Wie aber klingt Schumann á la Janowski denn nun? Die oben genannte Aufnahme des orchestral durchaus gewichtigen Violinkonzerts, die mir durch glückliche Umstände vorliegt, empfand ich seinerzeit dirigentisch unauffällig. Tatsächlich ist Janowskis Ansatz auch bei den Sinfonien kein euphorisch-ekstatischer wie weiland derjenige des unvergessenen Leonard Bernstein. Dies muss per se nichts grundsätzlich Verkehrtes sein. Fraglos trägt die unstrittige langjährige Erfahrung Janowskis dazu bei, dass er bei der nunmehrigen Neueinspielung durchaus den Schumann’schen Tonfall trifft und nicht versucht, dem Erzromantiker die Romantik auszutreiben, wie dies manche Vertreter der HIP-Bewegung ohne nachhaltigen Erfolg taten. Die Tempi, die Janowski anschlägt, vermeiden die Extreme; weder wird gehetzt noch verschleppt. Die zum Zuge kommende Dresdner Philharmonie erweist sich als zugleich voll tönender wie auch beweglicher Klangkörper. Detailfreudiges Hervorheben gerade lyrischer Momente ist eine Stärke dieser Lesart. Andererseits fehlen die orchestralen Ausbrüche, etwa im Kopfsatz und bei der Überleitung zum Finale der Vierten, wie sie einst Wilhelm Furtwängler in seiner legendären DG-Einspielung maßstäblich und wie in Stein gemeißelt vorlegte.

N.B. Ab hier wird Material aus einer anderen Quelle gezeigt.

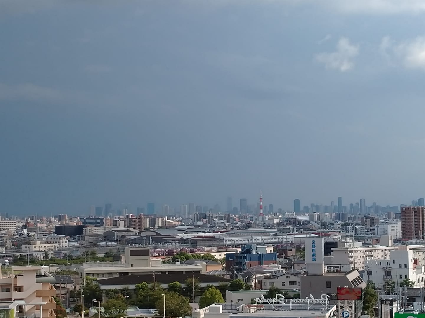吹田から南方向を望むと、あべのハルカスがかすんでる。
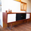 デンマークから、良質なチークがふんだんに使用されたサイドボードを入荷しました。1950年代に作られたヴィンテージ品で、色づいたチークの木肌がきれいなものです。このサイドボードから出る「オーラ」には圧倒です。扉のツートンカラーとオールドチークの色合いがマッチして重厚感と高級感が漂う、状態がとても良い物です。これからも長くお使いいただけます。真鍮のツマミを持って、真ん中の扉をスライドさせると引出しが現れます。その引出しの中には、グリーンのフェルトが貼ってあり、それも全体のデザインとマッチしています。使う事でも色や雰囲気をお楽しみ頂けます。また、そのフェルトを生かして、アクセサリー等の大切な物を収納されるのにも適しています。全体的に濃い色なので、シックなイメージのお部屋にとても合うサイドボードです。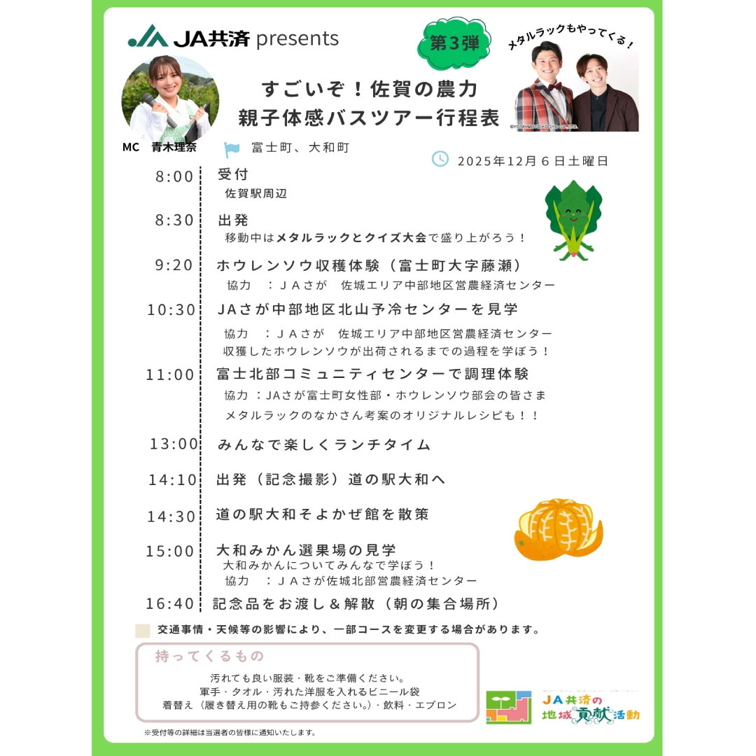 🎤 バスの中では、司会の 青木理奈さん と佐賀県住みます芸人 メタルラック が盛り上げますよ!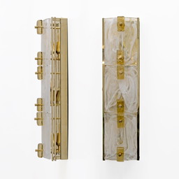 Paar moderne messing en Murano glazen "Scavo" wandlampenPaar moderne messing en Murano glazen "Scavo" wandlampen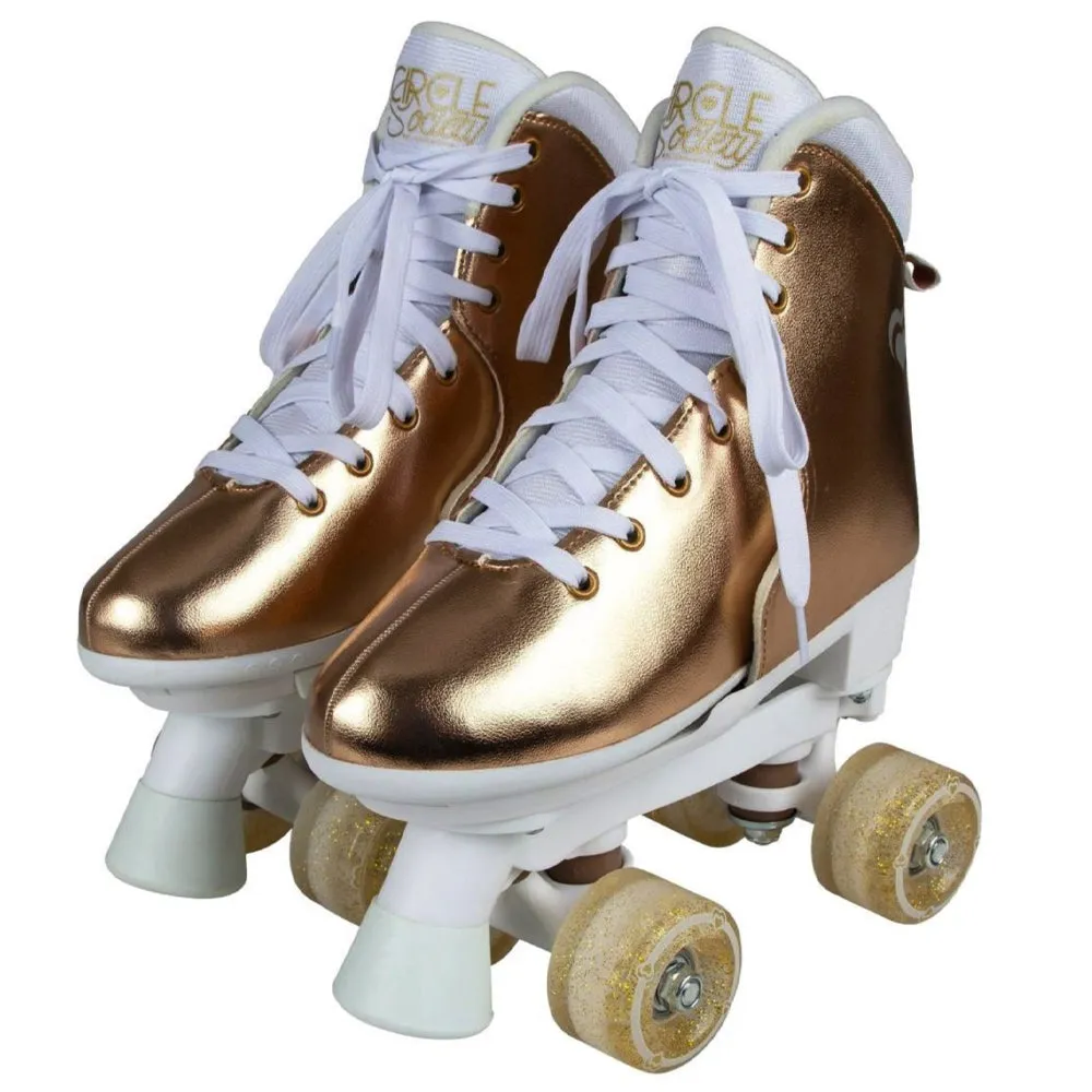 Bravo Sports Circle Society Metallic Rose Gold Roller Skates Size 3-7 - Skate through the streets with great flair, sporting Circle Society's Adjustable Roller Skates! Featuring a vibrant design and smooth-rolling polyurethane wheels, these skates are perfect for indoor and outdoor adventures. With an easy-push button for adjustable sizing (US sizes 3-7) and ABEC 7 sealed bearings, youll be grooving down the rink with a snug fit and reliable performance. Plus, dual front brakes ensure safety and control during every ride. So whatre you waiting for? Strap on and let the good times roll!

Zur Frühlingssinfonie hat Janowski offenbar – wie oben schon erwähnt – ein besonders enges Verhältnis. Seine geradlinige Lesart der Mitte bestätigt den allgemein vorherrschenden Eindruck, dass ein Bis-an-die-Grenzen-Gehen gar nicht beabsichtigt ist. Die Tiefgründigkeit eines Otto Klemperer (EMI), der zumal im Kopfsatz ein überlebensgroßes Klanggemälde entstehen lässt, bleibt unerreicht. Von der überschwänglichen Lebensfreude, die an Botticellis Primavera denken lässt und die musikalisch in der zu Unrecht vergessenen Einspielung Hans Swarowskys (Audio Fidelity) mustergültig umgesetzt scheint, ist Janowski ein gutes Stück entfernt. Am stärksten gelingt ihm das verinnerlichte Larghetto.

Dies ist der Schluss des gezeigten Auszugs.